Business Question: How does Apple Stock Price change in response to external and internal company factors?

For our project we decided to investigate how Apple Stock Price changes in response to external and internal company factors. When testing our question we decided to focus on several factors, including natural disasters, historic stock price, the federal funds rate, and the USD / EURO conversion rate. We decided to focus on a time span of 23.5 years, spanning back to 01-01-2000, because we wanted a large enough data sample to make sure the LSTM was properly trained. 

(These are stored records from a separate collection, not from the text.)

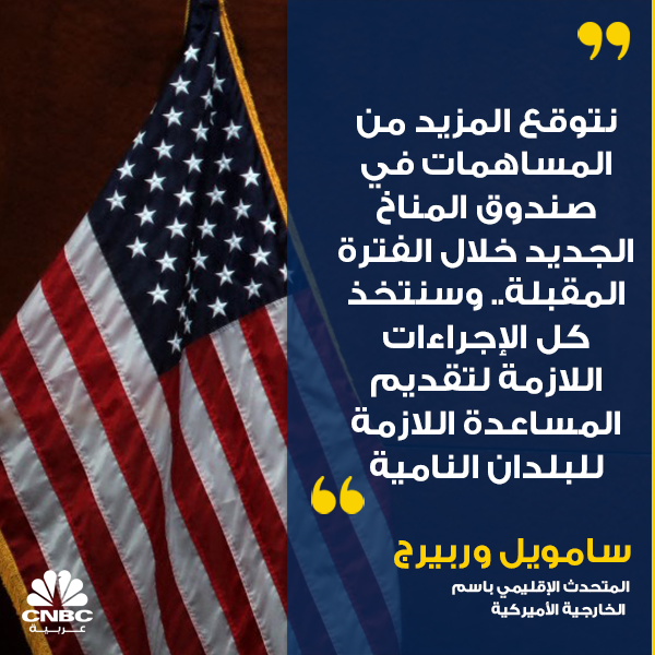 وأشار وربيرج هنا إلى مساهمة بلاده بمبلغ 17 مليون دولار في الصندوق الهادف لتقديم الدعم للبلدان المتضررة من تداعيات التغير المناخي، مردفاً: "هذه هي المساهمة الأميركية الأولى.. وأقول الأولى لأنه نتوقع في الأيام والأسابيع والسنوات المقبلة بأننا سنرى مساهمات أميركية أكثر من مبلغ الـ 17 مليون دولار.. نتوقع أن نسمع أكثر من هذه التفاصيل في المرحلة المقبلة".
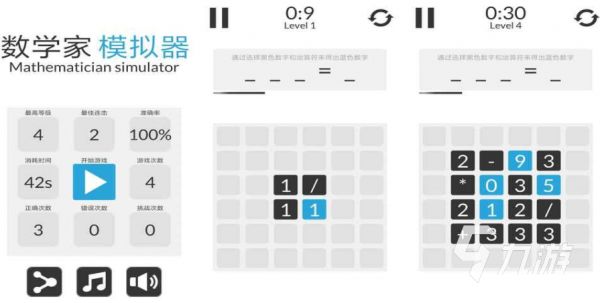 《数学家模拟器》是一款几多种数学运算为一体的益智小游戏。游戏的整体画面特别的简洁,由黑白蓝色色调组成。这里有特别多的关卡,每个关卡的难度等级是递增的,在你的闯关过程中会有时间计时。你将根据屏幕中提供的黑色方块数字去计算出正确的结果,填入到蓝色方块里面。每一个关卡结束后,界面都会显示出你挑战关卡的准确率和耗费时间,能给你做一个有效的总结。
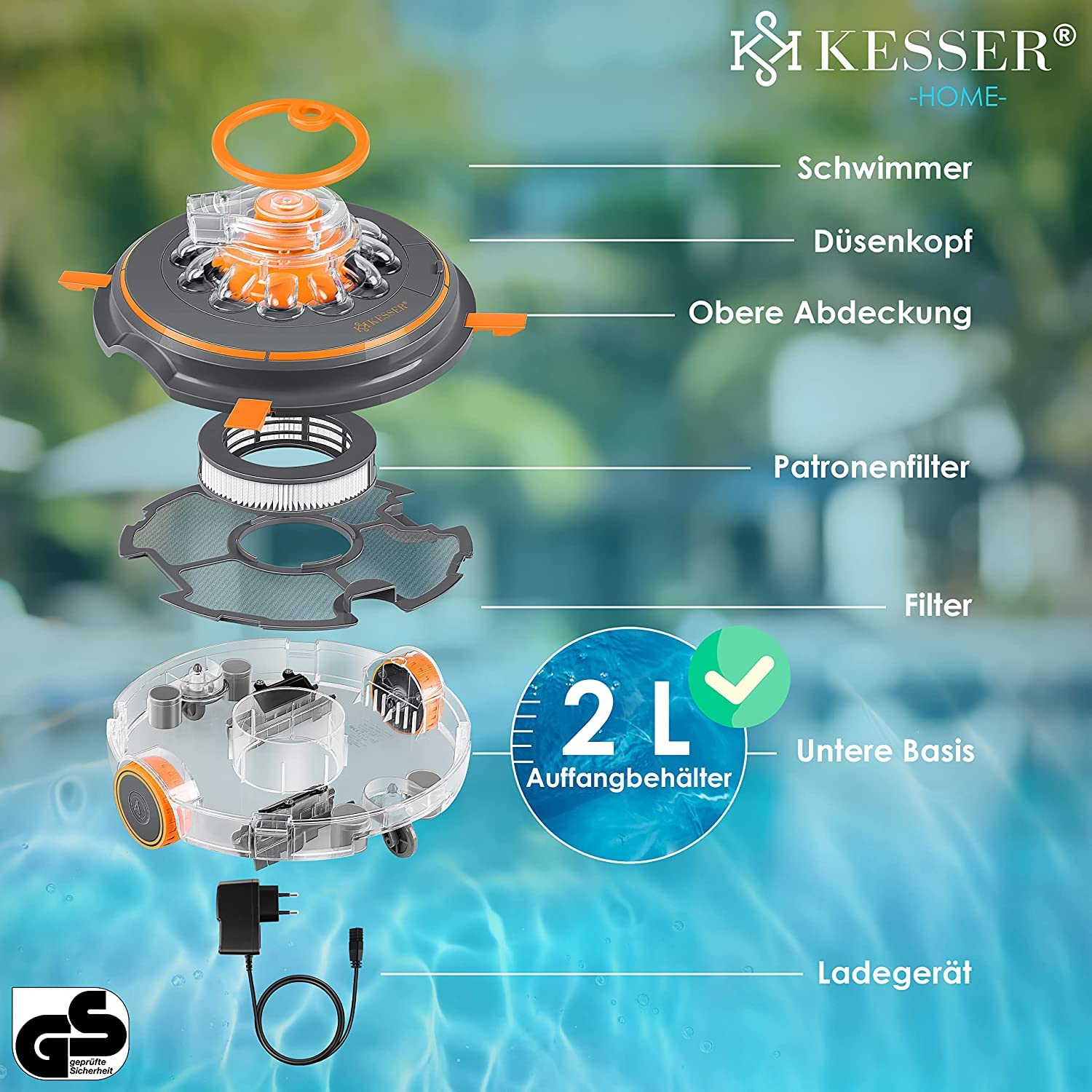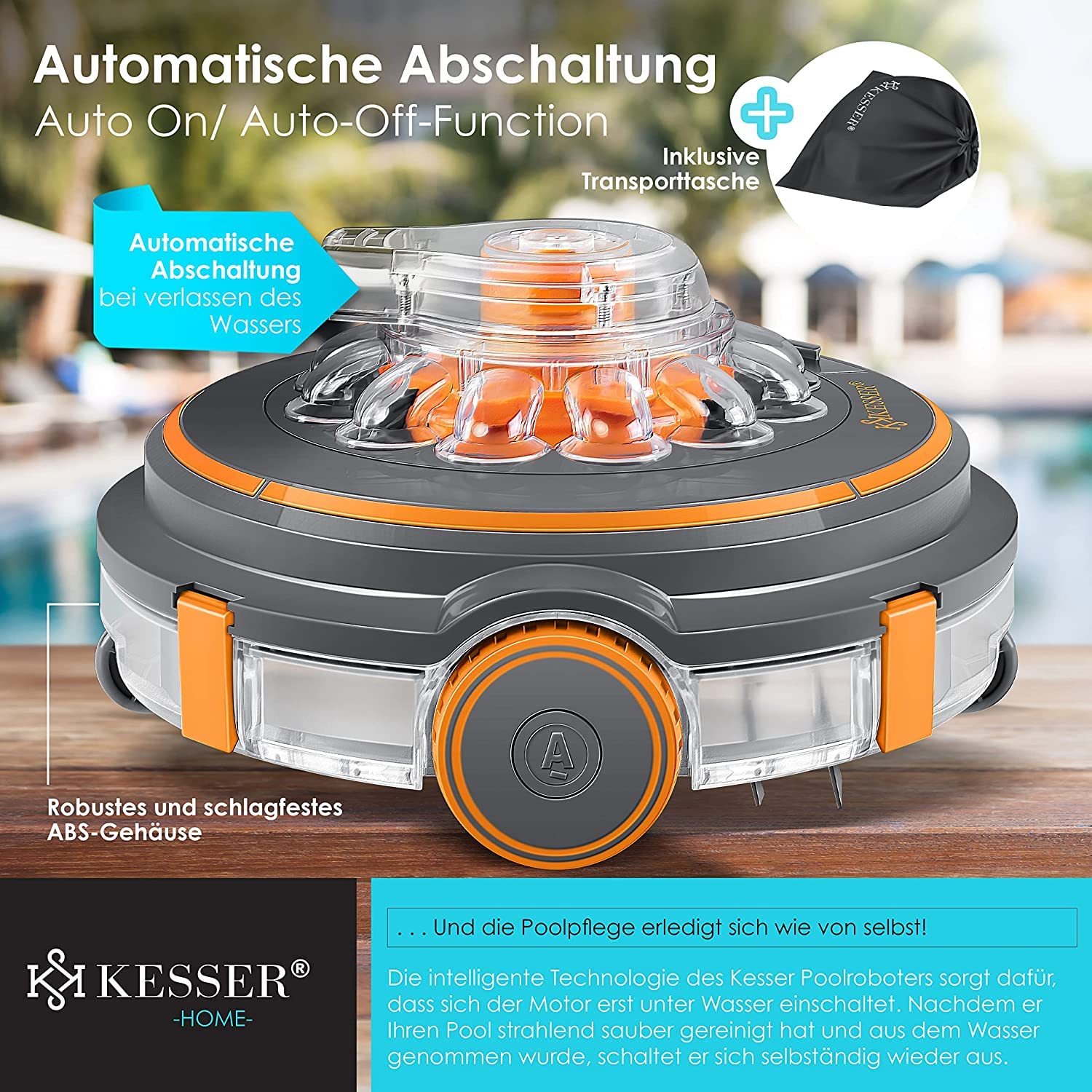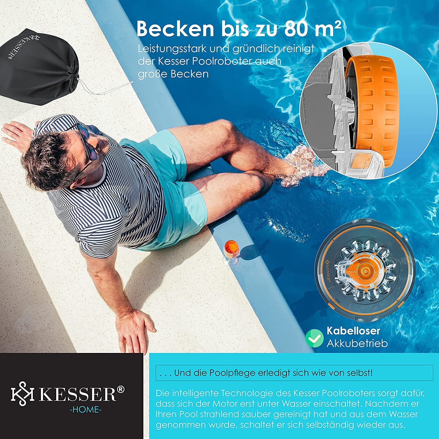 KESSER® Pool Robot Pool Cleaner Battery Aqua-9000 – Der intelligente Reinigungsprofi für makellose Pools bis 80 m²
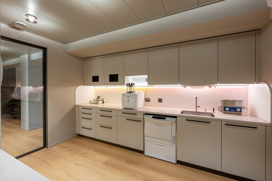 Eine detaillierte Analyse der Räumlichkeiten bildete die Grundlage für den Entwurf. Ziel war es, eine Umgebung zu gestalten, die fortschrittliche Technologie mit einem beruhigenden Gestaltungskonzept vereint. Die Farbgebung der Wände und Decken orientiert sich an sanften, erdigen Tönen – Juragrau und Lavagrau dominieren das Erscheinungsbild und korrespondieren harmonisch mit dem warmen Eichenboden. Diese Material- und Farbwahl trägt dazu bei, eine entspannte Atmosphäre zu erzeugen, die dem oft mit Stress behafteten Zahnarztbesuch entgegenwirkt. Der Empfangsbereich empfängt die Patienten mit warmem Holz und einer zurückhaltenden Beleuchtung, die gezielt eingesetzt wird, um Geborgenheit zu vermitteln. Im angrenzenden Wartebereich sorgen komfortable Sitzgelegenheiten für eine angenehme Aufenthaltsqualität und eine entspannte Wartezeit.

We collected our data from a variety of sources, with those being listed below:
Natural Disasters: https://www.kaggle.com/datasets/headsortails/us-natural-disaster-declarations
Historic Stock Price: Yfinance API
Federal Funds Rate: FRED
USD / EURO Conversion: https://www.investing.com/currencies/usd-eur-historical-data

For the most part, we downloaded CSV files that we then uploaded into our github, however, for the Apple Historic Stock Price we simply used an API to fetch the stock price. 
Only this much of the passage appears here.